The South African Confederation of Labour (SACOL) was a national trade union federation of white workers in South Africa.

History
The federation was established in 1957, as a loose body bringing together the South African Federation of Trade Unions, the Co-ordinating Council of South African Trade Unions, the Federal Consultative Council of South African Railways and Harbours Staff Associations, and the Trade Union Council of South Africa (TUCSA).  TUCSA withdrew in 1958, and the remaining federation was broadly supportive of apartheid.

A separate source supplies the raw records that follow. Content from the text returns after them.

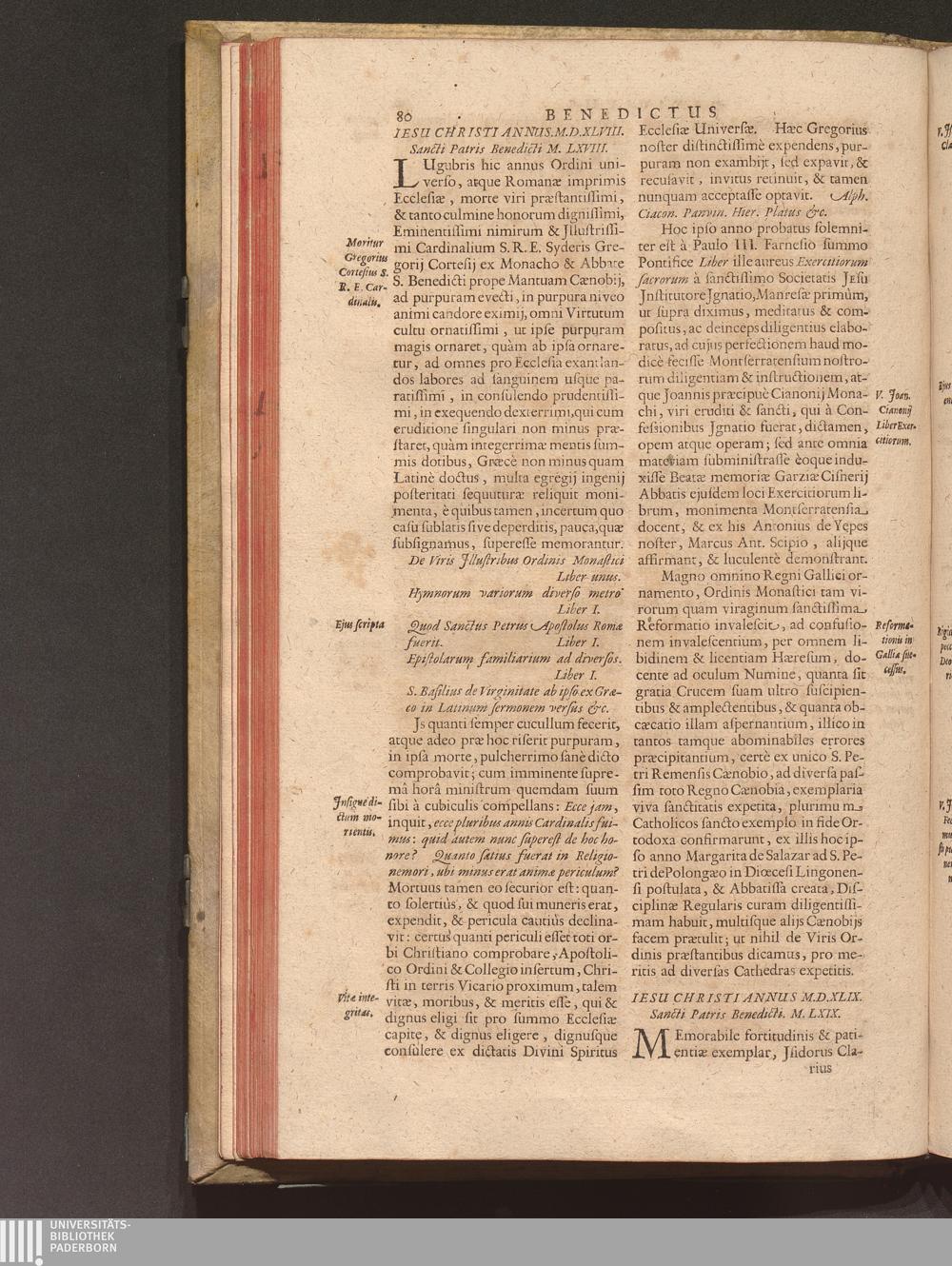 Benedictus Redivivus Hoc est: Benedictinj Ordinis Vetustißimi Amplißimique, Nostra, ac supera ætate Jmmarcescibilis Vigor, ac Viror : Anniversariâ Vernantiâ Chronologicè comprobatus, ac demonstratus Ab anno Christi M. D. Ad Præsentem Usque Ætatem, Et Annos Nostros, Jn Quo ... Operationes Jn Effusione Mirabili sui Spiritus ... quam compendiosissimè exhibe[n]tur / Opera, & Studio R. P. F. Gabrielis Bucelini Ascetæ Benedictini Imperialis Monasterij VVeingartensis Prioris S. Joannis Bapt. in Oppido Rhætiæ Superioris Veldkirchensi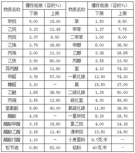 這是由于前者的可燃物濃度不夠,過量空氣的冷卻作用,阻止了火焰的蔓延;而后者則是空氣不足,導致火焰不能蔓延的緣故。常見物質(zhì)的爆炸極限如下,僅供參考: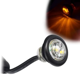 Lampada laterale rotonda con vetro trasparente, progettata per l'emissione di luce arancione. Diametro di 28mm. Questa lampada offre un'illuminazione chiara e appariscente, ideale per la marcatura laterale sui camion. Il formato compatto consente un'installazione semplice. Adatta a diverse condizioni meteorologiche e garantisce una migliore visibilità e sicurezza sulla strada.
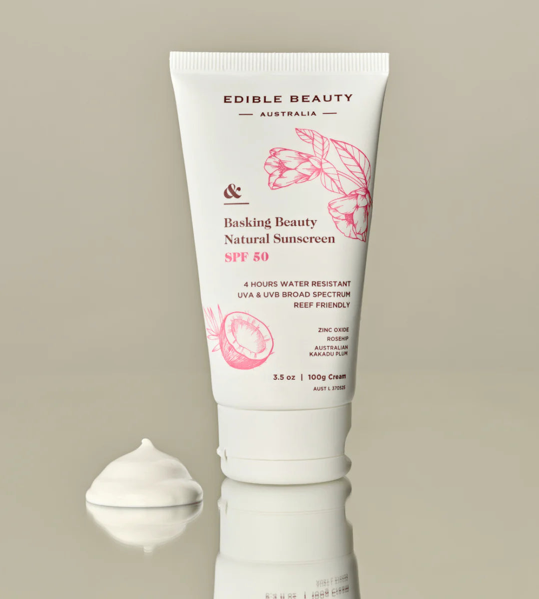 Edible Beauty Australia & Basking Beauty Natural Sunscreen SPF 50 is a luxurious, plant-based sunscreen offering broad-spectrum UVA and UVB protection using zinc oxide. This ocean-friendly, physical sunscreen glides effortlessly onto the skin while delivering deep nourishment and hydration. Enriched with vitamin E and rosehip oil, it supports skin health with antioxidant protection and age-defying benefits. Featuring calming camellia seed oil, this botanical formula hydrates, soothes, and protects without the irritation or hormone disruption associated with chemical sunscreens—making it a beautiful daily essential for sun care.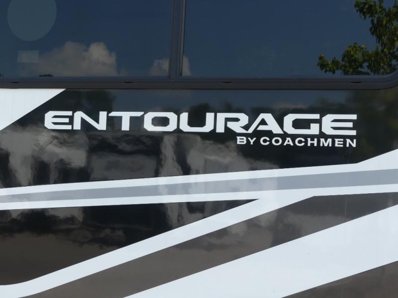 The Entourage is Coachmen's first super C diesel motorhome and it is packed with upscale appointments and solid construction so you can enjoy the RV lifestyle for years to come. This coach features a 4x4 diesel chassis (either a Chevy Silverado 5500 with a V8 6.6L diesel engine, or International CV chassis, depending on the model you choose), plus 50 amp service and a 2,000 watt inverter for all your power needs. The mandatory Icon Package includes a porcelain macerator toilet, auto generator start with dual batteries, 50 amp service, a tankless water heater, and more!

In 1968, the federation decided to permit individual unions to affiliate.  These unions gradually came to operate on an equal footing to the remaining affiliated federations, and this led the Federal Consultative Council to disaffiliate in 1975, although all but one of its own affiliates decided to sign up individually to SACOL.  This took the federation's membership to a maximum of 25 unions with 206,511 members.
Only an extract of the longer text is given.